Directions: Nothing but the lines below from the first through the one with "- [당일배송] [소라] 로우 무드 단가라 오버핏 니트" should appear, printed exactly; please leave pictures out.

Recorded data:
BEGIN
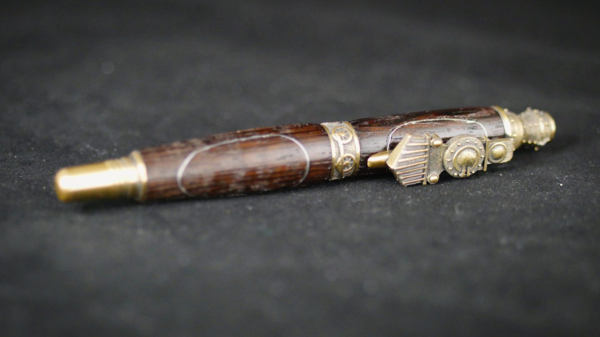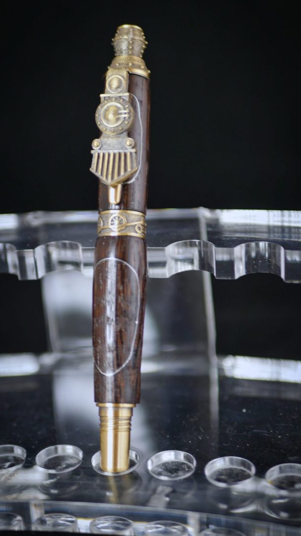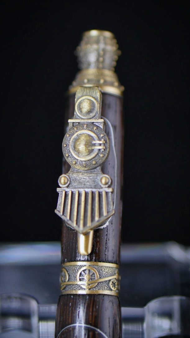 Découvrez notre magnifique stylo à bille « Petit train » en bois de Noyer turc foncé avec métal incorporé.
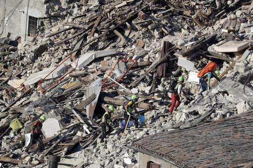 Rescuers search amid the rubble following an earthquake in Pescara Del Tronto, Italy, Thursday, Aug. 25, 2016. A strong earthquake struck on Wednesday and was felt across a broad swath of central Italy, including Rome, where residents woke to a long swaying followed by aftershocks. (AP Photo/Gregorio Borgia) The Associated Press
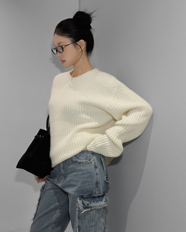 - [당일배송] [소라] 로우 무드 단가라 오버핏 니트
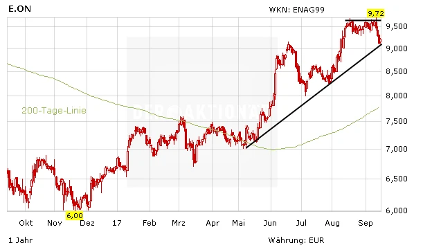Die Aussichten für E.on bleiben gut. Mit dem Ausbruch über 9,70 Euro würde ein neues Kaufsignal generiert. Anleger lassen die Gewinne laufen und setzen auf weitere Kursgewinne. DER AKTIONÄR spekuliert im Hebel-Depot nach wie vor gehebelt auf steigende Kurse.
END
Written answer:
 Découvrez notre magnifique stylo à bille « Petit train » en bois de Noyer turc foncé avec métal incorporé.
 Rescuers search amid the rubble following an earthquake in Pescara Del Tronto, Italy, Thursday, Aug. 25, 2016. A strong earthquake struck on Wednesday and was felt across a broad swath of central Italy, including Rome, where residents woke to a long swaying followed by aftershocks. (AP Photo/Gregorio Borgia) The Associated Press
 - [당일배송] [소라] 로우 무드 단가라 오버핏 니트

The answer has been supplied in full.